Are you seeing more 9/10s?


In my recent round of upgrade fever I had what was for me a new experience: shameless Audiogon condition rating inflation. Maybe once as an Audiogon seller have I rated an item 9/10. But three pieces I purchased recently were rated 9/10. Two of the pieces were nearly ten years old. One seller told me in correspondence that "for its age it's a true 9/10!" 9/10 means (1) less than a year old, (2) very light use, and (3) physically indistinguishable from new. None of the three met these base requirements. I eventually purchased them because they were priced appropriately and through much private conversation I verified their true condition (7/10 and 8/10). I remember when it seemed that all sellers went to great pains to rate conservatively and fully describe flaws. It frustrates me to have to approach listings from a default of skepticism and become Mr. Buyer Detective. Is this new? Am I seeing phantoms? Overreacting?
chuckjonez
No different than buying old records --where "very good" means precisely the opposite. Grading inflation.

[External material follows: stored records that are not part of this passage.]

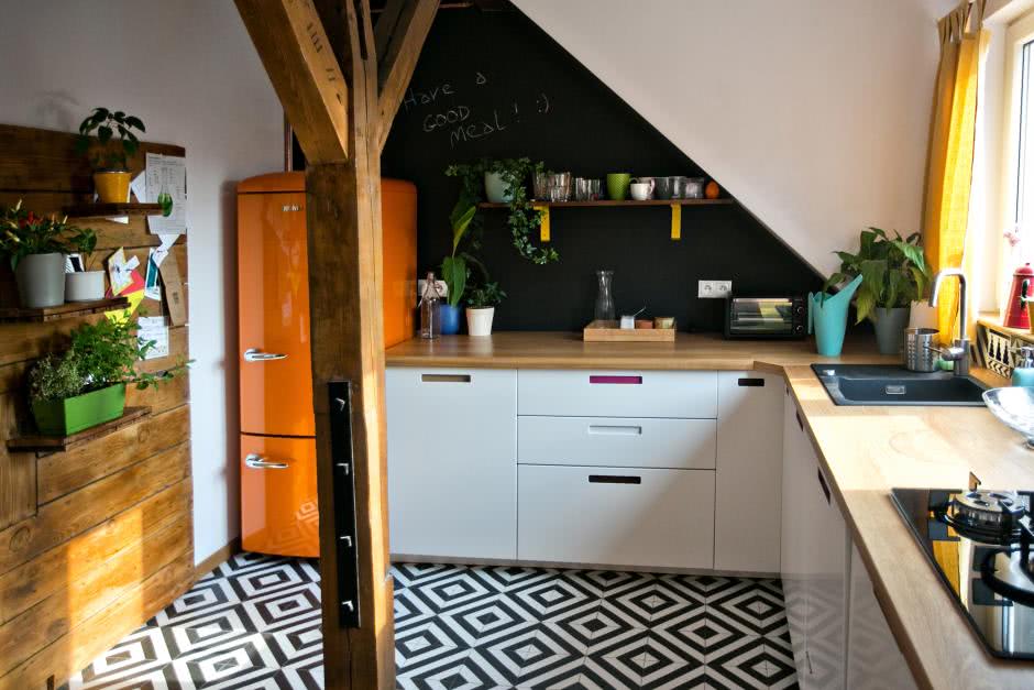 Такой пол идеально подойдет для классических интерьеров, но его все чаще выбирают для современных кухонь, в которых царит эклектика.
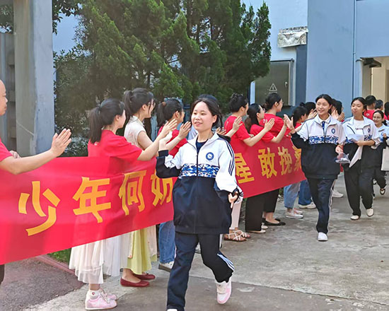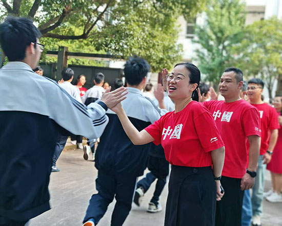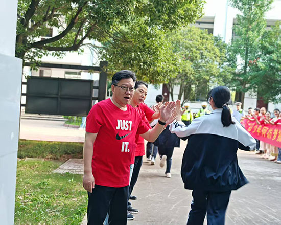 擊掌儀式現(xiàn)場,老師們高聲吶喊“沉著應考,金榜題名”“你們是最棒的”,學生們則信心滿滿,以燦爛的笑容和堅定的目光回應師長的期待。紅色的身影與青春的笑顏交織,成為校園里最動人的風景。
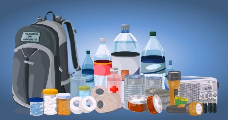 „O să vă arăt ce conţine kit-ul meu de supravieţuire pentru trei zile de misiune, similar ar trebui să conţină şi kitul unei familii. Apă, 2-4 litri, o pătură pentru încălzirea corpului, materiale de primă urgenţă medicală, aici putem vorbi de pansamente, feşe, de o forfecuţă, plasturi. Hrană care nu este perisabilă, mai multe conserve, ciocolată, biscuiţi, o lanternă, un mic radio ca să audă mesajele de la autorităţi”, spune un reprezentant IGSU.

Stories of this nature do smack of 'truthiness', as the seller hopes to recoup as much of his investment in the item in question.  Buying a 'pre-owned' anything of late seems to require hi-rez photos of all surfaces and details in order to not feel 'screwed' in some fashion.  And even then one hopes that the pics were of the item to be received....

The stakes of the crap-shoot have seemed to have gone up....and 'buyer beware' gets more imperative...
The Vintage musical instrument business (the drum sector, at any rate) is even worse. Absolute junk and trash described as near-mint. Add poor packing and shipping cartons, and what you receive is often un-restorable. One ends up buying only from those having proven themselves trustworthy.